* Source data *
-=-=-

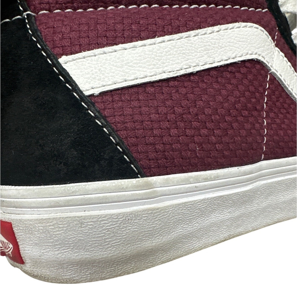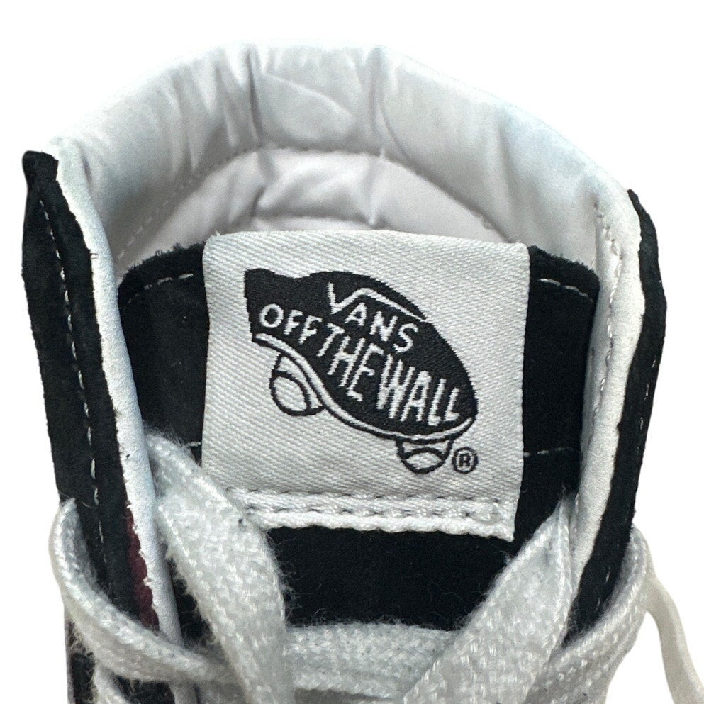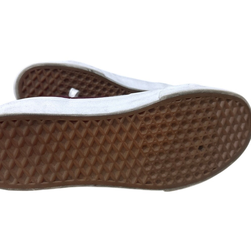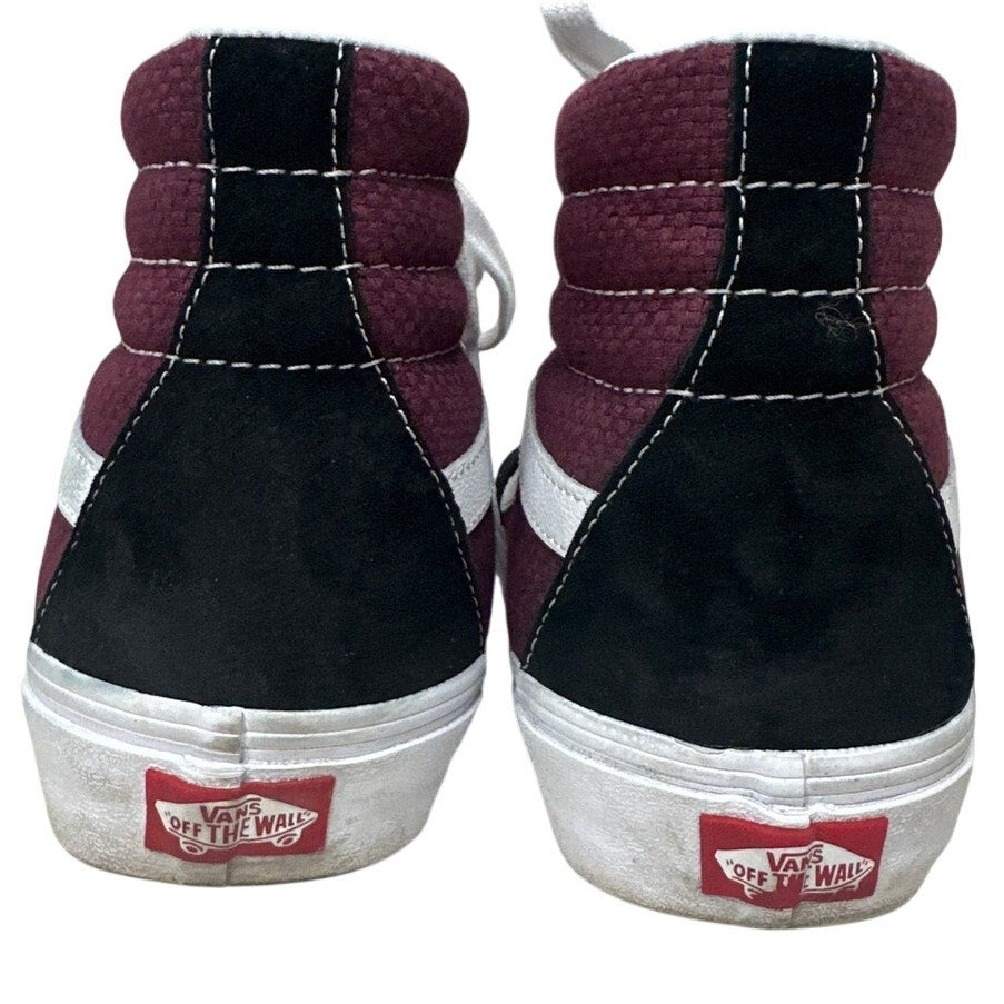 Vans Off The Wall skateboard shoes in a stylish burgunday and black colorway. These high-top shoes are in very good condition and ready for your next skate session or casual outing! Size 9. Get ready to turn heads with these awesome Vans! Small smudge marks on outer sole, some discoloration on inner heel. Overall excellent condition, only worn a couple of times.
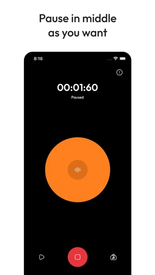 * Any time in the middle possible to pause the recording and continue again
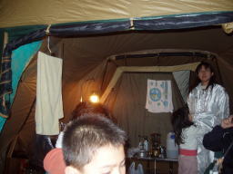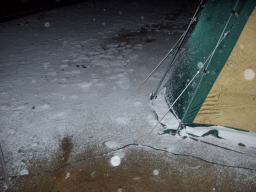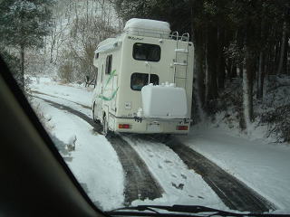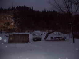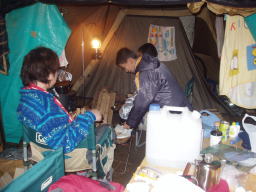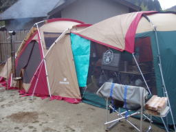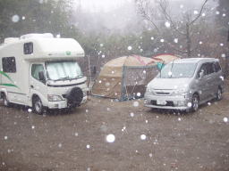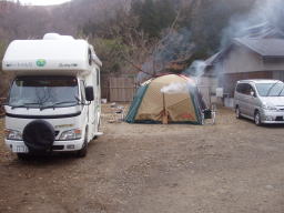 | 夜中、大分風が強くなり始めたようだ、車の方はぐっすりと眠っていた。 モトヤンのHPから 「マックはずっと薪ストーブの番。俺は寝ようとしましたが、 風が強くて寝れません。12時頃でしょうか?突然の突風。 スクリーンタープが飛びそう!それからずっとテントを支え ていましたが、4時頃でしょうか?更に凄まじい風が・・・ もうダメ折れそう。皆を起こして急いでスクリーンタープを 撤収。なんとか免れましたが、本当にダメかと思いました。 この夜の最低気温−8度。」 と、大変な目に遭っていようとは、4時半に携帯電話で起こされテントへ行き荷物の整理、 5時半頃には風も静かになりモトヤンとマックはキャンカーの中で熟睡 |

-=-=-

* Your task *
Print out the whole of the material word for word, without pictures.

* Result of the exercise *
 Vans Off The Wall skateboard shoes in a stylish burgunday and black colorway. These high-top shoes are in very good condition and ready for your next skate session or casual outing! Size 9. Get ready to turn heads with these awesome Vans! Small smudge marks on outer sole, some discoloration on inner heel. Overall excellent condition, only worn a couple of times.
 * Any time in the middle possible to pause the recording and continue again
 | 夜中、大分風が強くなり始めたようだ、車の方はぐっすりと眠っていた。 モトヤンのHPから 「マックはずっと薪ストーブの番。俺は寝ようとしましたが、 風が強くて寝れません。12時頃でしょうか?突然の突風。 スクリーンタープが飛びそう!それからずっとテントを支え ていましたが、4時頃でしょうか?更に凄まじい風が・・・ もうダメ折れそう。皆を起こして急いでスクリーンタープを 撤収。なんとか免れましたが、本当にダメかと思いました。 この夜の最低気温−8度。」 と、大変な目に遭っていようとは、4時半に携帯電話で起こされテントへ行き荷物の整理、 5時半頃には風も静かになりモトヤンとマックはキャンカーの中で熟睡 |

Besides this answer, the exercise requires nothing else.